Slayer’s set was amazing. They had a grand light show, were loud as all hell, and dutifully rewarded a disgruntled, yet patient crowd. During The Cult’s set, a large curtain hung over the stage while Slayer’s crew set up. Oddly, there was no curtain on the adjacent stage, so you could also watch Alice in Chains’ crew set up with all the lights on and everything. It wasn’t distracting, per se. But, I wondered why there wasn’t a curtain on each stage. When Slayer ended I decided I needed to rehydrate and grabbed a sports drink. Alice in Chains started almost immediately and I almost didn’t care. I wasn’t the only one who needed a drink or the bathroom, many folks were running back to the main stage to see Alice’s set. Also, I saw a lot of people leaving during the AIC set. Alice in Chains played a professional set. They sounded good and I dig the not-so-new-anymore singer. All that said, they had a tough time following Slayer. Slayer’s show seemed bigger and more intense. AIC were not bad, but I wouldn’t classify it as “killer set.”

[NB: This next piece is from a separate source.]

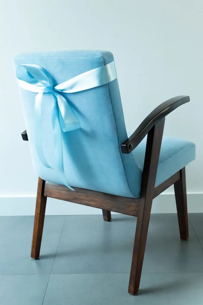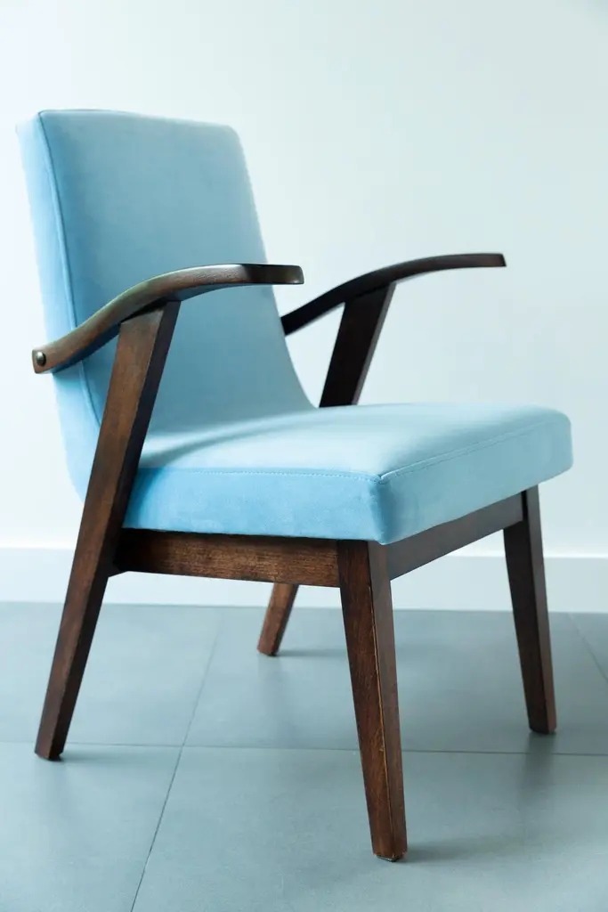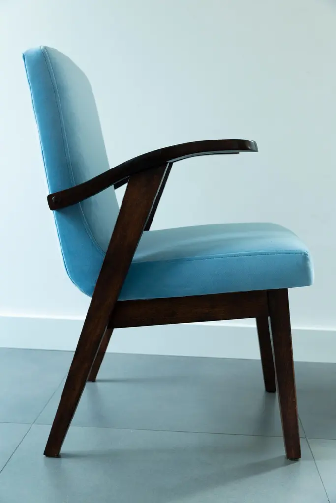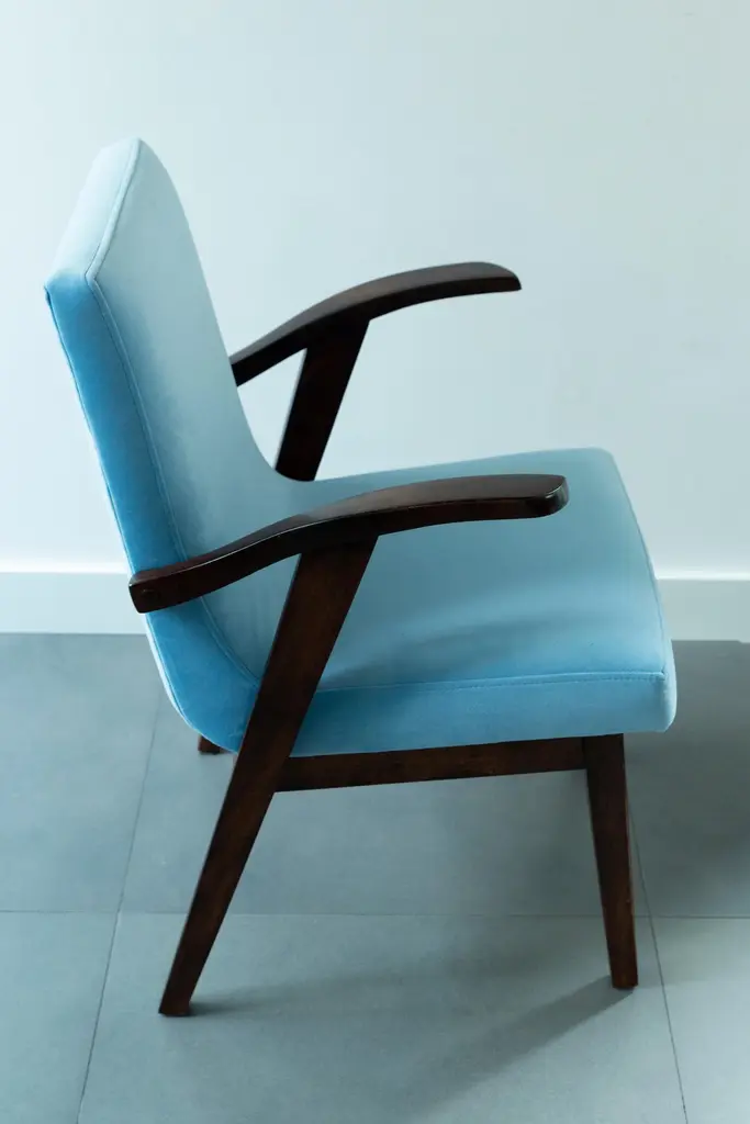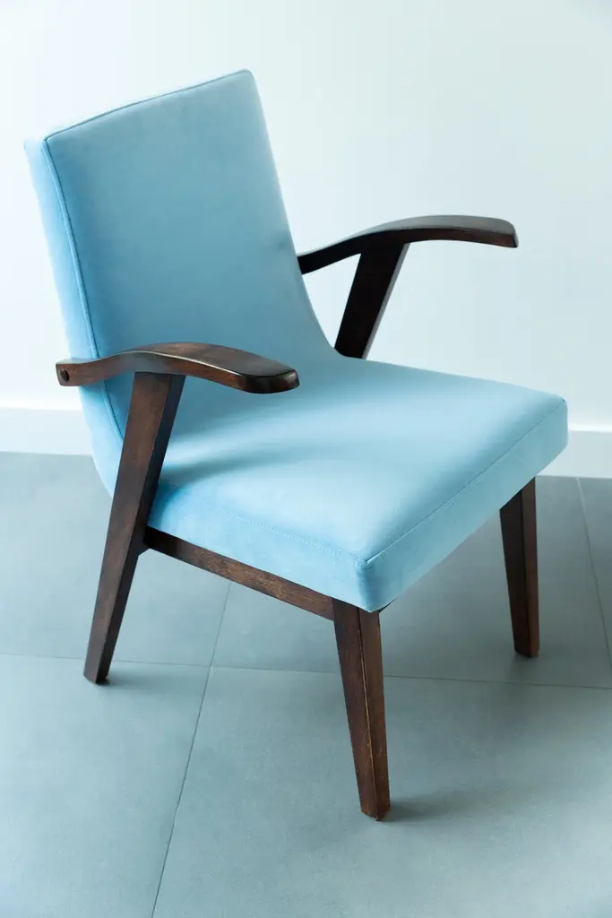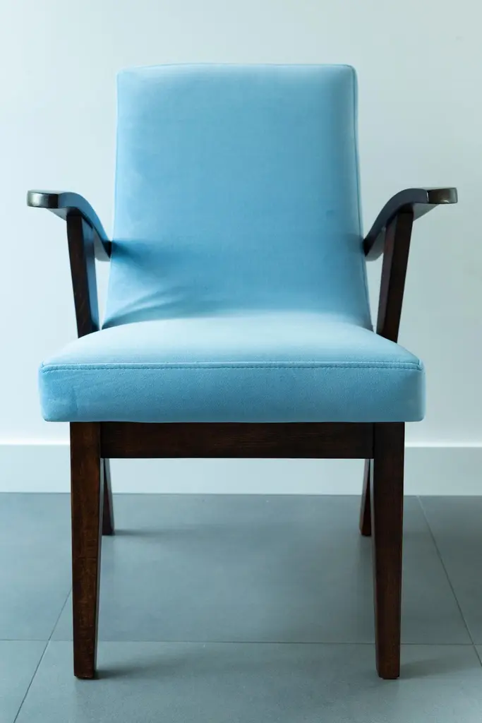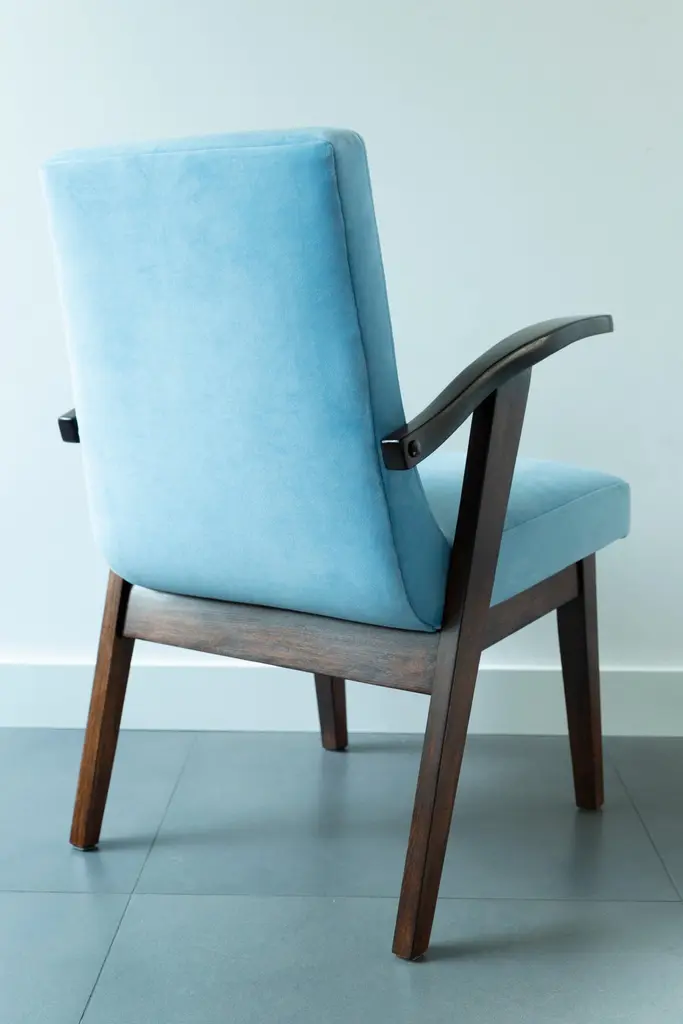 Armchair designed by Mieczyslaw Puchala. Dark brown wood combined with a baby blue beautiful velvet gives it elegance and nobility. The chair has undergone a full carpentry and upholstery renovation. The wood is in excellent condition after full renovation, finished with semi-matte varnish. Produced in the 1960s in Poland. We can prepare set of 2, 4, 8 or more also in another wood and velvet color. Please check the last picture with velvet color samples.

The event organizers had a tough case to deal with. Many of the fans I chatted with while we were waiting for the gates to re-open were mystified at the circumstances because there was virtually no rain. But again, lightning was the issue here. Some would argue that they shouldn’t have scheduled in this predictably rainy time of year. However, summers are full of these type of music festivals and you have to schedule around them. The Open Air guys got a lot of great names for this lineup. It was a disappointment for everyone that only a fraction were able to play.